Generative Retrieval

The LRM is used for generative retrieval, where a prompt incorporating user demographics, context videos, and watch history is constructed to recommend new SIDs [03:17:03]. This yields unique recommendations, particularly for challenging recommendation tasks or users with limited historical data [03:17:41]. An offline recommendations table can also be built by removing personalized aspects from the prompt, which, due to the LRM’s large pre-trained checkpoint, still provides differentiated recommendations [03:19:12].

Etsy’s Unified Embeddings

Etsy uses unified embeddings and retrieval to improve search results for both specific and broad queries, especially given its constantly changing inventory [03:19:13].

  • Product Encoder: Uses T5 models for text embeddings of item descriptions and query product logs for query embeddings (what was clicked/purchased after a query) [03:20:18].
  • Query Encoder: Encodes search queries [03:20:35].
  • Shared Encoders: Both product and query encoders share encoders for text tokens, product category tokens, and user location, enabling the embedding to match users to product locations [03:20:40].
  • Personalization: User preferences are encoded via query user scale effect features, including past queries and purchase history [03:20:57].
  • Quality Vector: A “quality vector” (incorporating ratings, freshness, conversion rate) is concatenated to the product embedding to ensure retrieved items are of good quality [03:21:18]. For the query vector, a constant vector is “slapped on” to match dimensions for dot product or cosine similarity [03:21:38].

This approach led to a 2.6% increase in conversion across the entire site and over 5% increase in search purchases, demonstrating that quality in recommendations makes a significant difference [03:21:51].
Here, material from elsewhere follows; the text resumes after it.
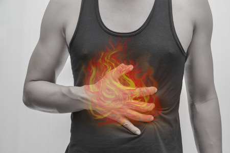 Fire in stomach. Excessive acidity gastritis gastric ulcer heartburn stomach disease.

Challenges and Future Directions

Implementing multimodal embedding-based systems presents unique challenges compared to traditional LLMs:

  • Vocabulary Size and Freshness: Recommendation systems deal with much larger vocabularies (e.g., billions of videos on YouTube vs. thousands of words in English) and require constant updates for new content (e.g., a new music video must be recommended within minutes or hours) [03:20:24]. This necessitates continuous pre-training on the order of days or hours [03:21:35].
  • Serving Costs: Large multimodal models are expensive to serve, requiring significant optimization (e.g., 95%+ cost savings for YouTube’s LRM) to meet the latency and scale requirements of billions of daily active users [03:18:36].
  • Balancing Language Capabilities: A key challenge is balancing the learning of semantic ID embeddings with retaining general language capability in multimodal models [03:25:50]. Over-training on domain-specific examples can lead to the model “forgetting” how to speak English [03:26:26].

The future of multimodal-powered recommendation systems is envisioned to involve more explicit user interaction, where users can steer recommendations using natural language, receive explanations for recommendations, and blur the lines between search and recommendation [03:24:24]. Ultimately, this could lead to the recommendation of personalized and even dynamically generated content [03:25:01].